START Given records

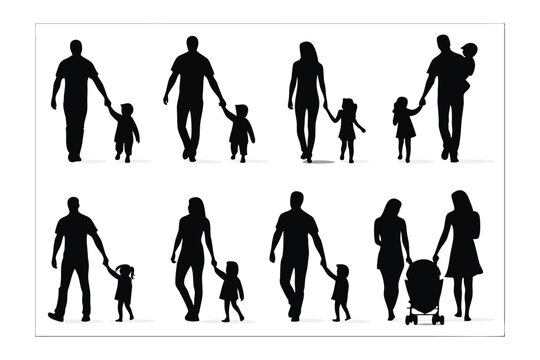 Silhouette of Family: Silhouettes of diverse family, symbolizing love, security, and the precious bonds of parenthood, walking together in perfect harmony.
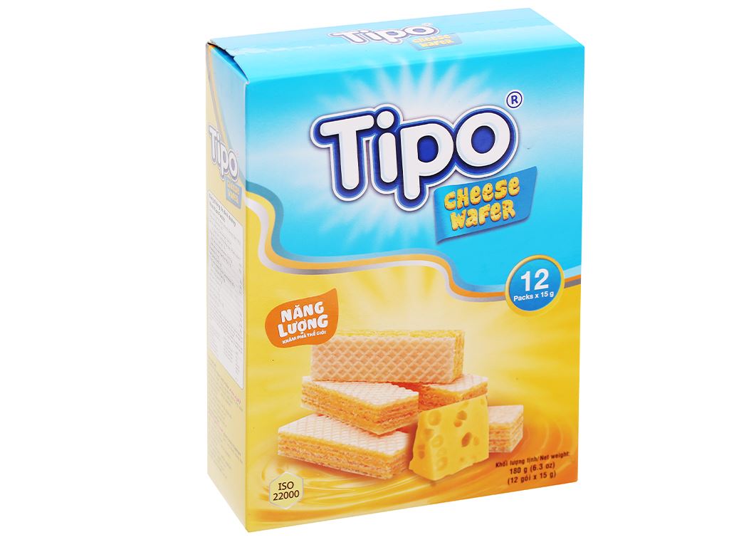 Thành phần: Bột mì, shortening, đường, bột whey, bột phô mai (5.5%), maltodextrin,chất xơ từ lúa mì, sữa bột, dầu olein cọ tinh luyện, chất nhũ hóa, muối, đạm đậu nành phân lập, chất tạo xốp, hương liệu tổng hợp, chất tạo màu tổng hợp, chế phẩm enzyme, chất xử lí bột, chất chống đông vón,…
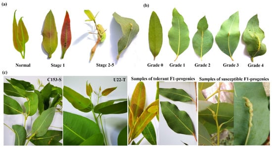After gall wasp infestation, developmental stages of gall formation by L. invasa were classified into 5 stages Stage 1, the first symptoms showed the oviposition scars at the oviposition site (oviposition signs) on the young vascular tissues. In this stage, the phenotype change was classified into grades 1 and 2 of the damage severity level. In stages 2–4, the gall was enlarged. The phenotype change was classified into grades 3 and 4 of the damage severity level. Finally, the adult emerged from the gall in stage 5 (Figure 1a). Based on the number of oviposition signs and galls visible on the whole tree [,], the phenotype changes were used to assess the damage severity level of two parents and F1-progenies that was divided into five-grade criteria (Figure 1b) as follows;
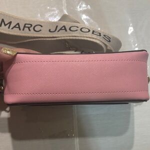 Chic crossbody bag by Marc Jacobs. Features a pink and gray design with a bold logo strap. Gold hardware adds elegance.
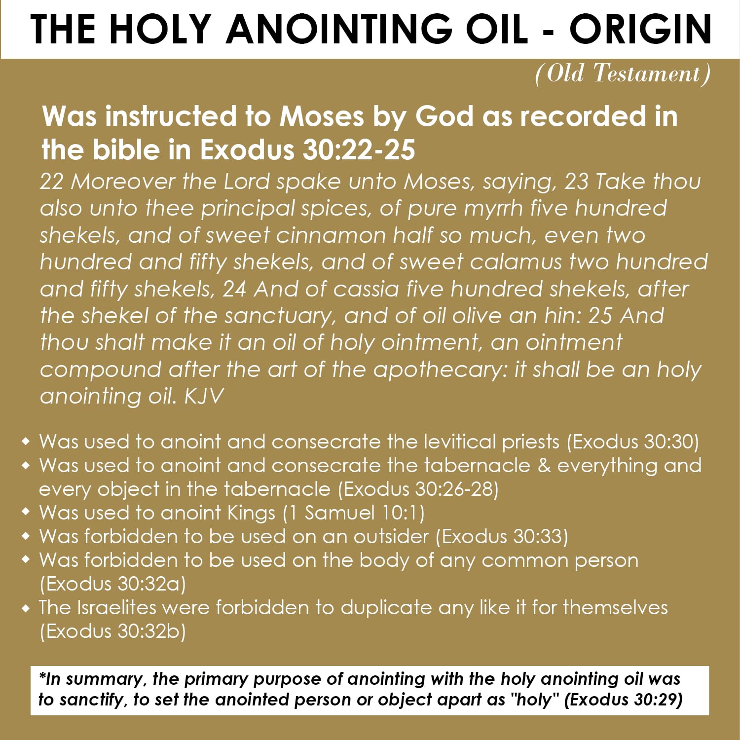 Biblical Inspiration: Exodus 30:22-25 describes the ingredients and preparation method for the holy anointing oil, used in ancient times for anointing, consecration, and prayers, especially for the sick
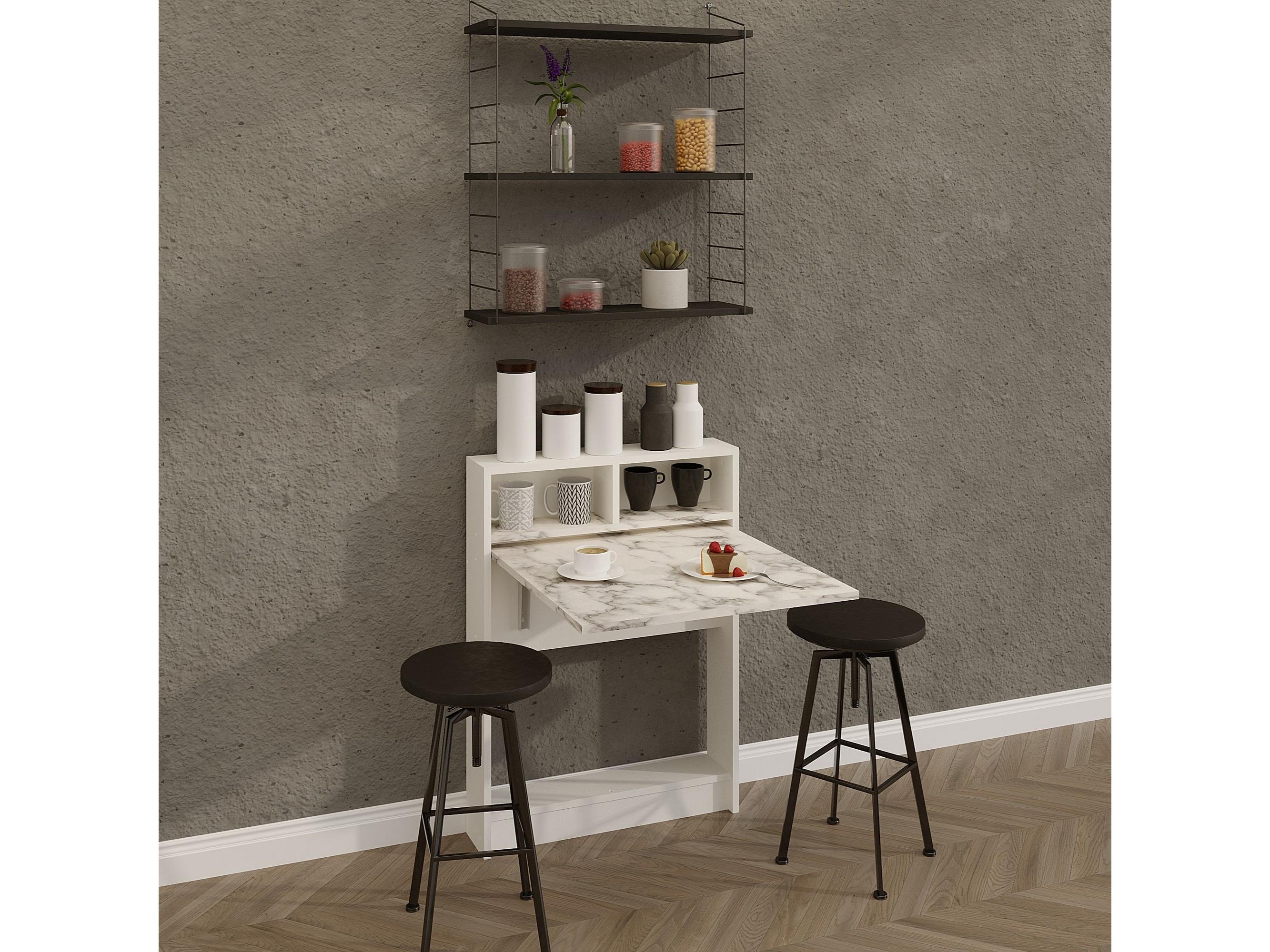 Sklápací jedálenský stôl Brackie (pre 2 osoby) (mramor carrara)

END Given records

▶ **Your goal**
Please copy the lines above, starting at the one that holds "Chic crossbody bag" and stopping after the last line, exactly as they appear and minus the pictures.

▶ **Response to this task**
 Chic crossbody bag by Marc Jacobs. Features a pink and gray design with a bold logo strap. Gold hardware adds elegance.
 Biblical Inspiration: Exodus 30:22-25 describes the ingredients and preparation method for the holy anointing oil, used in ancient times for anointing, consecration, and prayers, especially for the sick
 Sklápací jedálenský stôl Brackie (pre 2 osoby) (mramor carrara)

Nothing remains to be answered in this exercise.